Instructions for the task: The lines to extract run from the start of the records through the line with "32 pages / 1-color", both ends included; drop the pictures.

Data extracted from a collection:
★ ★ ★ ★
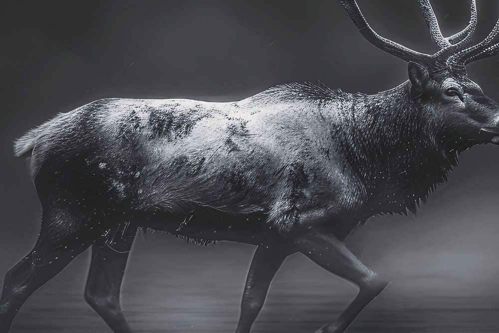 Dit indrukwekkende zwart-wit ontwerp toont een majestueus hert dat door het water waadt. Het hyperrealistische detail benadrukt de kracht en de gratie van dit prachtige dier. De monochrome kleurstelling geeft een dramatisch effect dat de aandacht trekt en perfect past in een moderne of minimalistische inrichting. Dit kunstwerk is een uitstekende keuze voor natuurliefhebbers en biedt een serene en elegante uitstraling aan elke ruimte. Plaats het in een slaapkamer of kantoor om een gevoel van rust en verbinding met de natuur te creëren.
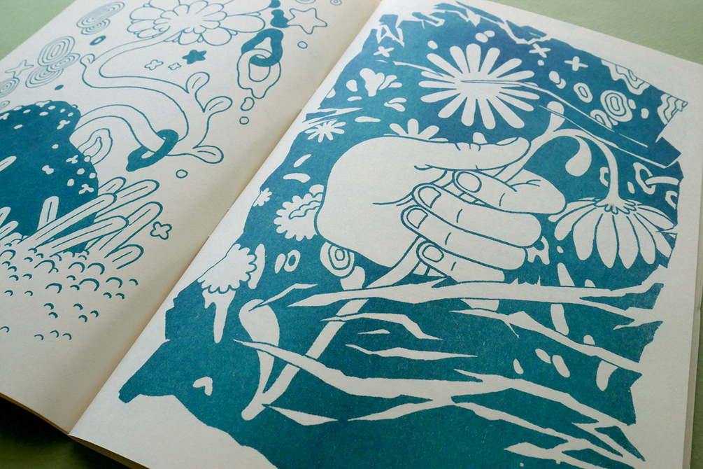 32 pages / 1-color risograph printed / teal on cream paper/ 8.5" x 5.5"
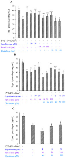 Type 1 procollagen production of Hs68 cells induced by UVB irradiation in the presence of a single (A), combination of two (B), or combination of three types of antioxidants (C), namely ergothioneine, ferulic acid, and glutathione. Each value is expressed as the mean ± SD (n ≥ 3). Different letters indicate significant differences among treatments (p < 0.05).
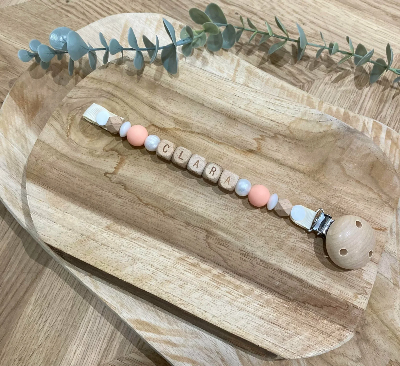 Attache tétine pêche blanc nacré
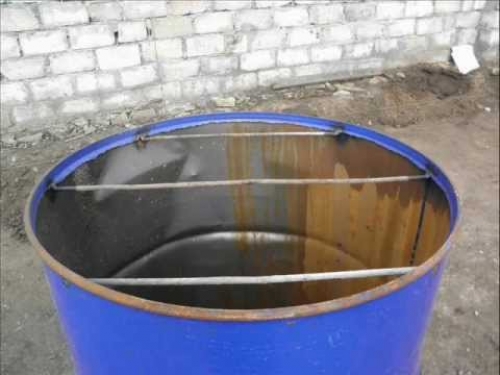 Для монтажа поддона необходимо приварить к стенам камеры несколько отрезков арматуры. У нас должна получиться конструкция в виде креста. Его центр обязан совпадать с центральной частью бочки. Специалисты советуют снабдить поддон петлей. Тогда при необходимости чистки его будет несложно достать.
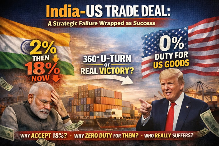 The recent trade deal between India and the United States is being sold as a “positive reset” and a “pragmatic win”. In reality, it exposes a serious failure of trade strategy, followed by a forced surrender dressed up as diplomacy.
★ ★ ★ ★
Output of the exercise:
 Dit indrukwekkende zwart-wit ontwerp toont een majestueus hert dat door het water waadt. Het hyperrealistische detail benadrukt de kracht en de gratie van dit prachtige dier. De monochrome kleurstelling geeft een dramatisch effect dat de aandacht trekt en perfect past in een moderne of minimalistische inrichting. Dit kunstwerk is een uitstekende keuze voor natuurliefhebbers en biedt een serene en elegante uitstraling aan elke ruimte. Plaats het in een slaapkamer of kantoor om een gevoel van rust en verbinding met de natuur te creëren.
 32 pages / 1-color risograph printed / teal on cream paper/ 8.5" x 5.5"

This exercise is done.